# Isomorphic automorphisms

1. Jun 11, 2007

### happyg1

1. The problem statement, all variables and given/known data
Give an example of an abelian and a non-abelian group with isomorphic automorphism groups.

3. The attempt at a solution

My classmate talked to our professor and he hints that Z2 xZ3 and D3 (or D6..depends on your notational preference it's the triangle) MIGHT be correct...prove or disprove.....

I see that Z2xZ3 is of order 6 and so is D3. So lovely, off to a good start. At least we start with the same group order.

I need to find the Automorphism group of each set to show that these 2 are isomorphic...(IF they even are) and this is where I can't go any further.

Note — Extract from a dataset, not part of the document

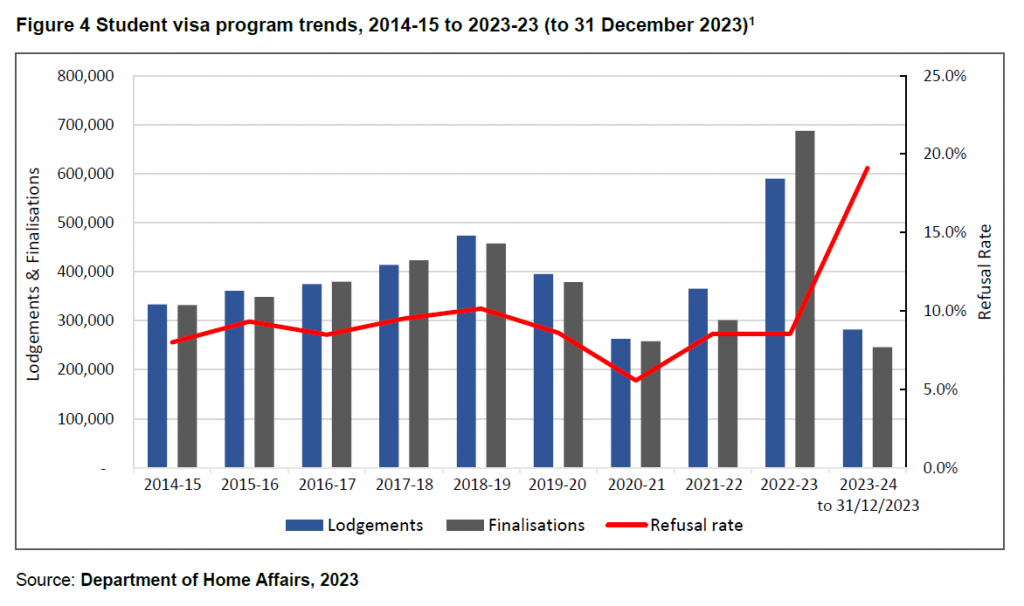 再具体到学生签证的数据,我们将得到一个令人惊讶的事实,那就是2023年的下半年里,学签的拒签率来到了近十年的最高点!也能进一步反映澳洲政府目前对于加强学生签证审理、打击学签滥用行为的决心。

D3 is not abelian but Z2 x Z3 IS abelian and I'm looking at the automorphism groups of each one.

How do I get these automorphism groups? I just am drawing a blank here. We know that each one has the identity Aut, but then how do we define the other ones. We've confused ourselves!

EDIT: So are the automorphisms of D3 $$1, r, r^ 2, a, ra, r^ 2a$$ where 1 is the identity and r is a rotation by 120 degrees and a is a flip through the vertex angle? Or is it something else?

CC

Last edited: Jun 11, 2007
2. Jun 11, 2007

### Hurkyl

Staff Emeritus
The problem is small enough to be solved with sheer brute force.

Each of these groups has 6 elements, and can be presented with two generators. Therefore, there are only thirty-six ways to map the two generators back into the group; you can go through each one and see if it extends to a homomorphism, and if that homomorphism is an automorphism.

After doing the first few, hopefully you'll get some ideas on how to greatly accelerate the search...

3. Jun 12, 2007

### matt grime

Those are the elements of D_2.3, not automorphisms of it. An automorphism of a group is an isomorphism from it to itself.

Auts of Z_2 x Z_3=Z_6 are easy, since that is a cyclic group generated by g say of order 6. Any hom of Z_6 is determined by where it sends g, and there are 6 possiblities - how many of those give isomorphisms?